And that's why Ted's gone to some lengths to make fsync() fast in ext4:
because he wants people to actually *use* it.

JLS2009: A Btrfs update

Posted Nov 2, 2009 21:09 UTC (Mon) by anton (subscriber, #25547) [Link]

Using fsync() does not prevent losing a bit of work when you press save, because the system can crash between the time when you hit save and when the application actually calls and completes fsync(). The only thing that fsync() buys is that the save takes longer, and once it's finished and the application lets you work again, you won't lose the few seconds. That may be worth the cost for you, but I wonder why?

As for Ted T'so, I would have preferred it if he went to some lengths to make ext4 a good file system; then fsync() would not be needed as much. Hmm, makes me wonder if he made fsync() fast because ext4 is bad, or if he made ext4 bad in order to encourage use of fsync().

JLS2009: A Btrfs update

Posted Nov 2, 2009 8:37 UTC (Mon) by njs (guest, #40338) [Link]

> In a good file system, the state after recovery is the logical state of the file system of some point in time (typically a few seconds) before the crash. It's possible to implement that efficiently (especially in a copy-on-write file system).

[Citation needed] -- or in other words, if this is so possible, why are no modern filesystem experts working on it, AFAICT? How are you going to be efficient when the requirement you stated requires that arbitrary requests be handled in serial order, forcing you to wait for disk seek latencies?

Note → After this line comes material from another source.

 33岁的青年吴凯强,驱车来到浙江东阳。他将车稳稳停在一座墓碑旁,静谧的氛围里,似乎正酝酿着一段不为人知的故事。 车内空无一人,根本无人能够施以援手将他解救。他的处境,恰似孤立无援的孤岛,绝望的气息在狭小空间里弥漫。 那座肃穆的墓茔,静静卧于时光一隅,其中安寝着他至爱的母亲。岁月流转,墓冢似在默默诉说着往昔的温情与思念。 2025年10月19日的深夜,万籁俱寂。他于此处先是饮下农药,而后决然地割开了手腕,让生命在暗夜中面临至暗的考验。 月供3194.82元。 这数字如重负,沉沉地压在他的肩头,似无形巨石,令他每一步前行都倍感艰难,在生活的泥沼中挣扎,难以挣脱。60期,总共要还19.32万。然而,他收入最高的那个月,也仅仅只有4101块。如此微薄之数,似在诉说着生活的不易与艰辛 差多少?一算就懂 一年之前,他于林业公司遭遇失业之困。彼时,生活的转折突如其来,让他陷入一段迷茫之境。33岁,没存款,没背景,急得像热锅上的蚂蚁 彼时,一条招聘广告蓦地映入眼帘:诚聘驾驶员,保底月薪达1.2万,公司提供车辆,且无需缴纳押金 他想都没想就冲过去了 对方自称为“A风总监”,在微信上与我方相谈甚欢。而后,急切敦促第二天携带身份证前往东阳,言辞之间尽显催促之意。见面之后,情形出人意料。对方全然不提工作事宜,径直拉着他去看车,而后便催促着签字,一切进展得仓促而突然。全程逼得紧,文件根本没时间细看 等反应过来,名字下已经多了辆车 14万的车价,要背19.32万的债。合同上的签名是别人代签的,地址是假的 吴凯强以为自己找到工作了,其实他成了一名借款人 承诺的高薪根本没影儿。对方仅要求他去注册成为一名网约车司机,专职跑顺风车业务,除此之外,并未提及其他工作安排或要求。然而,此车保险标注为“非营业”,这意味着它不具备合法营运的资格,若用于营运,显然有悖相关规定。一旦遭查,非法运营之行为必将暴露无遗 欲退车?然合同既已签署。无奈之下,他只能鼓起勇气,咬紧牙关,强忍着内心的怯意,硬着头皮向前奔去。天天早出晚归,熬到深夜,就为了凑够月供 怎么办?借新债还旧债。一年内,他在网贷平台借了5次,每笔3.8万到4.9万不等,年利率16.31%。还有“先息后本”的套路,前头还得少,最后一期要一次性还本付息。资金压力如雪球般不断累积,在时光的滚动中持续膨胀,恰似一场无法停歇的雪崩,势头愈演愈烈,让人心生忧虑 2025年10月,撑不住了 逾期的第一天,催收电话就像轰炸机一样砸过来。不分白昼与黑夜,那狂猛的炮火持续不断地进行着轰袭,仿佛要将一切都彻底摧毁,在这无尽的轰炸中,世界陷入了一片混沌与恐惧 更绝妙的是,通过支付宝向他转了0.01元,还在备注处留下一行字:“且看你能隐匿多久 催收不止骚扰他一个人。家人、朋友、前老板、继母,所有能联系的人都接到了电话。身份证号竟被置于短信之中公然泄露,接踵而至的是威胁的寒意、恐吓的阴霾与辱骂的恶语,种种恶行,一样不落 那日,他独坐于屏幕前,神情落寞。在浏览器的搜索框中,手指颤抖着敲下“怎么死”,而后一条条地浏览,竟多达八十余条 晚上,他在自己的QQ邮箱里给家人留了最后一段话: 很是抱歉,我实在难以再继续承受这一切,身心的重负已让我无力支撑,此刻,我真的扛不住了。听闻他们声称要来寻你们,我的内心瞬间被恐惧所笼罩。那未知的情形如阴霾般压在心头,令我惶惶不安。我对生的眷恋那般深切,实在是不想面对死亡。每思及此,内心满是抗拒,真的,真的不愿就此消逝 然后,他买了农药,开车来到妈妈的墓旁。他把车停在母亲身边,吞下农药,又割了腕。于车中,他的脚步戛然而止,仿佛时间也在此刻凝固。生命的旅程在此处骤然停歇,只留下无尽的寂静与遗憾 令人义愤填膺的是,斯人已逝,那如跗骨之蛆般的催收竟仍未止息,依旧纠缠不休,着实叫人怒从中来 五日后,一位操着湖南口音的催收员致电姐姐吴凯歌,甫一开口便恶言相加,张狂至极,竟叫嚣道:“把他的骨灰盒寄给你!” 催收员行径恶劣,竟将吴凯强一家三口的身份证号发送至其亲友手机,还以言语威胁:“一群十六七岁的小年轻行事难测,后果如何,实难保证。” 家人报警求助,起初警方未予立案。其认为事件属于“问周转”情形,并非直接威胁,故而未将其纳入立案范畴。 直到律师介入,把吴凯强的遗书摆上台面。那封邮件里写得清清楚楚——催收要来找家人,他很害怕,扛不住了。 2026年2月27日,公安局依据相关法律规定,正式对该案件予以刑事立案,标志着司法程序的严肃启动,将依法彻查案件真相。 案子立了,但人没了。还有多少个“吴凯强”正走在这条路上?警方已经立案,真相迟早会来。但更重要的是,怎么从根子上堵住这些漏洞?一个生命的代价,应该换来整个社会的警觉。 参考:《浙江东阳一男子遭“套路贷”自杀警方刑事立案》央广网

> I wonder why Ted T'so does not apologize for implementing fsync() in a somewhat useful way instead of the fastest way that still satisfies the letter of the POSIX specification.

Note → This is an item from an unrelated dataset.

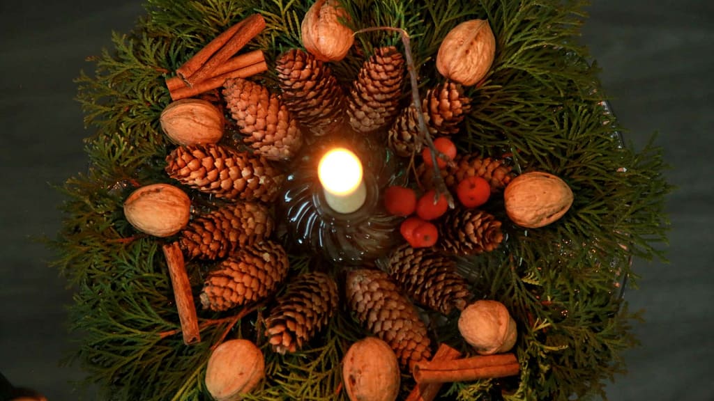 Today, as we begin lengthening our days once more—imperceptibly at first, just minutes added each afternoon—we celebrate the birth of the sun. Not its literal birth, of course, but its symbolic rebirth, its turn back toward strength and warmth after reaching its weakest, most distant point. This inspired me to create a natural mandala centerpiece to grace my table through the holidays—a small act of creation that honors the turning of the wheel.

Err, why should he apologize for implementing things in a useful way?

JLS2009: A Btrfs update

Posted Nov 2, 2009 21:34 UTC (Mon) by anton (subscriber, #25547) [Link]

[Citation needed]
Yes, I have wanted to write this down for some time. Real soon now, promised!
if this is so possible, why are no modern filesystem experts working on it, AFAICT?
Maybe they are, or they consider it a solved problem and have moved on to other challenges. As for those file system experts that we read about on LWN (e.g., Ted T'so), they are not modern as far as data consistency is concerned, instead they are regressing to the 1980s. And they are so stuck in that mindset that they don't see the need for something better. Probably something like: "Sonny, when we were young, we did not need data consistency from the file system; and if fsync() was good enough for us, it's certainly good enough for you!".
How are you going to be efficient when the requirement you stated requires that arbitrary requests be handled in serial order,
It doesn't. All the changes between two commits can be written out in arbitrary order, only the commit has to come after all these writes.
Err, why should [Ted T'so] apologize for implementing things in a useful way?
He has done so before.

JLS2009: A Btrfs update

Posted Nov 3, 2009 19:56 UTC (Tue) by nix (subscriber, #2304) [Link]

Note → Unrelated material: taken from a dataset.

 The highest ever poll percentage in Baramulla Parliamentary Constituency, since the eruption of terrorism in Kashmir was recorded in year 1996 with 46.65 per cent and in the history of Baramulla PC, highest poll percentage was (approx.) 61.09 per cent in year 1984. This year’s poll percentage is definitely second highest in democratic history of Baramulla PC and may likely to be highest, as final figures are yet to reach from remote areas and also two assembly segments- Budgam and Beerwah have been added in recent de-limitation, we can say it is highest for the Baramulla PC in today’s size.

That was an apology for introducing appalling latencies, not an apology
for doing things right.

I find it odd that one minute you're complaining that filesystems are
useless because problems occur if you don't fsync(), then the next moment
you're complaining that it's too slow, then the next moment you're
complaining about the precise opposite.

If you want the total guarantees you're aiming for, write an FS atop a
relational database. You *will* experience an enormous slowdown. This is
why all such filesystems (and there have been a few) have tanked: crashes
are rare enough that basically everyone is willing to trade off the chance
of a little rare corruption against a huge speedup all the time. (I can't
remember the time I last had massive filesystem corruption due to power
loss or system crashes. I've had filesystem corruption due to buggy drive
firmware, and filesystem corruption due to electrical storms... but
neither of these would be cured by your magic all-consistent filesystem,
because in both cases the drive wasn't writing what it was asked to write.
And *that* is more common than the sort of thing you're agonizing over. In
fact it seems to be getting more common all the time.)

JLS2009: A Btrfs update

Posted Nov 5, 2009 13:49 UTC (Thu) by anton (subscriber, #25547) [Link]

I understood Ted T'so's apology as follows: He thinks that application should use fsync() in lots of places, and by contributing to a better file system where that is not necessary as much, application developers were not punished by the file system as they should be in his opinion, and he apologized for spoiling them in this way.
I find it odd that one minute you're complaining that filesystems are useless because problems occur if you don't fsync(), then the next moment you're complaining that it's too slow, then the next moment you're complaining about the precise opposite.
Are you confusing me with someone else, are you trying to put up a straw man, or was my position so hard to understand? Anyway, here it is again:
On data consistency
A good file system guarantees good data consistency across crashes without needing fsync() or any other prayers (unless synchronous persistence is also required).
On fsync()
A useful implementation of fsync() requires a disk access, and the application waits for it, so it slows down the application from CPU speeds to disk speeds. If the file system provides no data consistency guarantees and the applications compensate for that by extensive use of fsync() (the situation that Ted T'so strives for), the overall system will be slow because of all these required synchronous disk accesses. With a good file system where most applications don't need to fsync() all the time, the overall system will be faster.
Your relational database file system is a straw man; I hope you had good fun beating it up.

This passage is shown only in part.